4.1.1. How to use the BLE_ESL application↑

Build and run steps:

• Open the BLE_ESL project with the preferred toolchain.
• Rebuild all files and load the image onto the STM32WB09 Nucleo board.
• Open a serial terminal (with settings 921600-8-N-1 and <CR> transmission at the end of the line).
• Reset the board to run the example.
• Run BLE_ESL_AP on another STM32WB09 Nucleo board.

Once the BLE_ESL has been synchronized, AT commands can be sent from the BLE_ESL_AP application specifying a GROUP_ID and an ESL_ID.

As the Nucleo-WB09KE does not have a display, when a command to set an image is received, a message is printed on the terminal to notify the user about the received command.

Information

BLE_ESL removes any bonding information after a reset is performed. When acting as a PAwR Observer, the sleep clock accuracy must be less than 50 ppm. The accuracy of the LSE on Nucleo-WB09KE meets this requirement in the range from 0 to 50° C. If the application must operate at a wider temperature range, enable periodic calibration. LSI cannot be used.

4.2. BLE_ESL_AP application↑

This application demonstrates how to use an STM32WB09 device to communicate with ESL devices using the PAwR feature, and particularly the Access Point role of the ESL profile.

Commands are issued through the serial terminal to instruct the AP to add an ESL to the network. During the configuration phase, the AP assigns provisioning information, such as the ESL address, key materials, and time, by writing to specific characteristics. Then, the PAST procedure starts to allow the BLE_ESL application to synchronize with the PAwR train, without performing an energy-intensive scan. Once the procedure is complete, the link is automatically disconnected by the ESL.

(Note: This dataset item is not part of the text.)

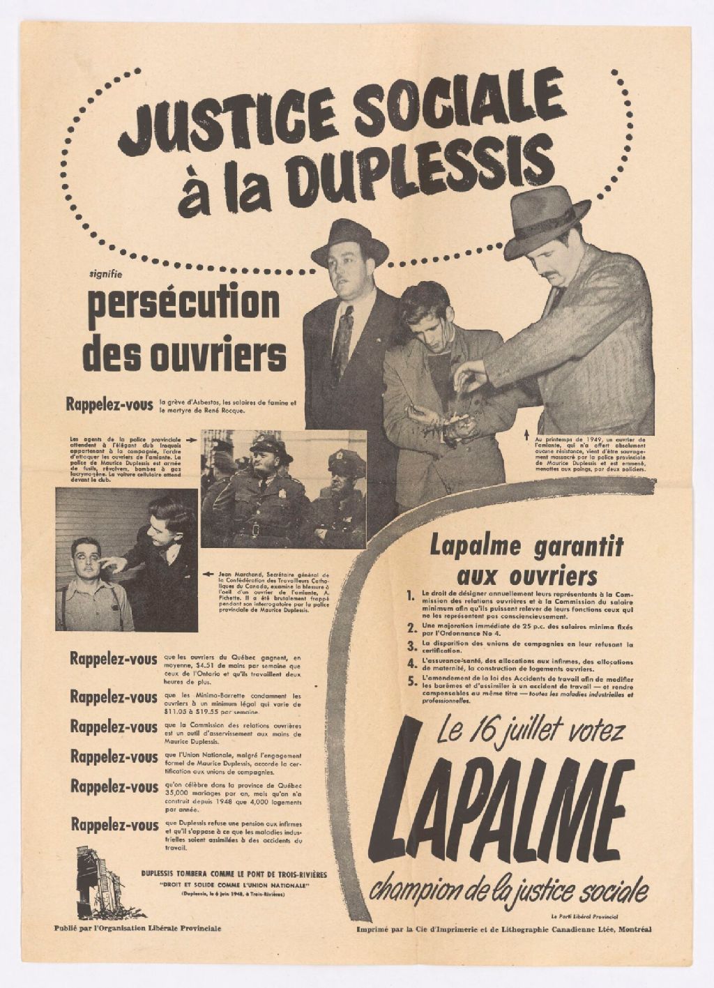 Justice sociale à la Duplessis signifie persécution des ouvriers : le 16 juillet, votez Lapalme, champion de la justice sociale

ESL commands can be sent by the BLE_ESL_AP application through an AT-like command interface. Each command ends with <CR>. An "OK" or "ERROR" message is provided after a command is received. When a response is received from the peer, the terminal notifies this with a string in the format +<RESP>:<group_id>,<esl_id>,<status>[,<return_params>].

Commands can be broadcast to all ESLs in the group by specifying 0xFF as the ESL ID. In this case, however, the ESLs do not receive a response. Broadcast commands are retransmitted to improve reliability.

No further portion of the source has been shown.